I have a 28 acre hay field that I have been haying for a few years...owners have some cows at a different location and have several beautiful horses that graze this field during non-hay times. So guy decides to put a fence down his property because of a spat he had with his kin folk, puts up T posts, but the spat ended before he could put up the fence, I assume he was going with field fence, but with the T posts and no caps one could assume that perhaps he was going to put up barbed wire for the horses....not only that, those damned T posts have been in my way for better part of two years, I've run over about 4 of them and they are now sitting at a 45o angle to the ground just waiting on a spooked horse to run into the damn thing and impale himself, been like this for over two years, just T posts, no fence, no caps and bent ones....I've asked him for the last two years to take em down, as you can see in this photo...they're still there....

Monday they won't be.....ima take every damn one of em up and lay em in his driveway.....

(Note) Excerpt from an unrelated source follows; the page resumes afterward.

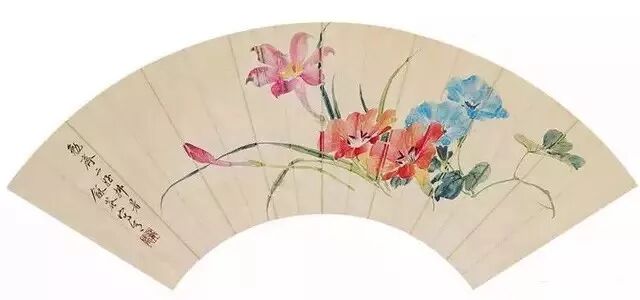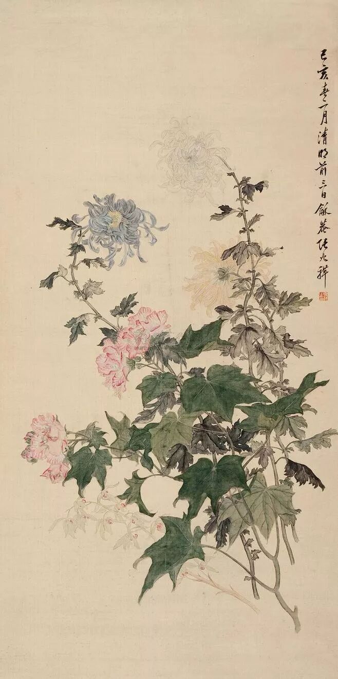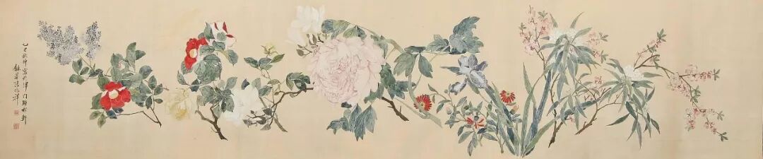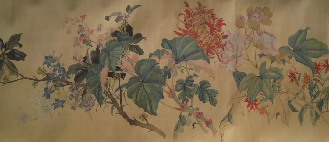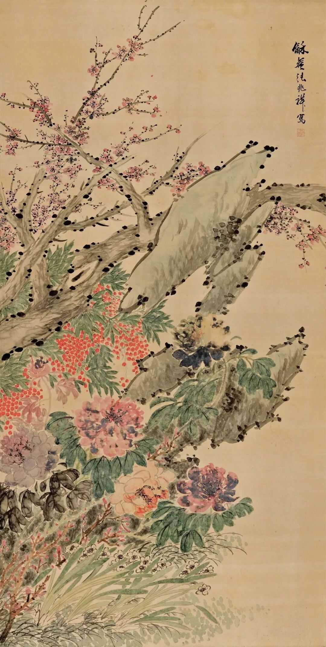 《蔬果折卉图》,为其光绪五年(1879)28岁时的早期力作;以没骨法作彩色小写意,描绘樱桃、枇杷、白菜、萝卜、牡丹、菊花等蔬果花卉几十种,活鲜鲜,水汪汪,设色妍雅,极备工致,可见其功力不薄。

What ever happened to someone saying they were going to do something and actually doing it without waiting on the genie to show up and do it for them?


----------



## Gearclash (Nov 25, 2010)

I'll trade you that field for the one we cut and bale that is 30 acres broke down into 7 different paddocks with a farmstead in the middle. Raking there with a manual folding rake is pretty much an exercise program in itself.


----------



## slowzuki (Mar 8, 2011)

I've got 6 sub 1 acre fields we bale. Manual fold tedder and have to fold for every gate.


----------



## somedevildawg (Jun 20, 2011)

I can tell ya them damn posts ain't up today! Me and two men spent all day taking down t posts and filling in holes the donkeys conveniently left for us....

Definitely a strange breed of people, but they like good hay.....and for that, i have to like....well, put up, with them...

This looks much better...


----------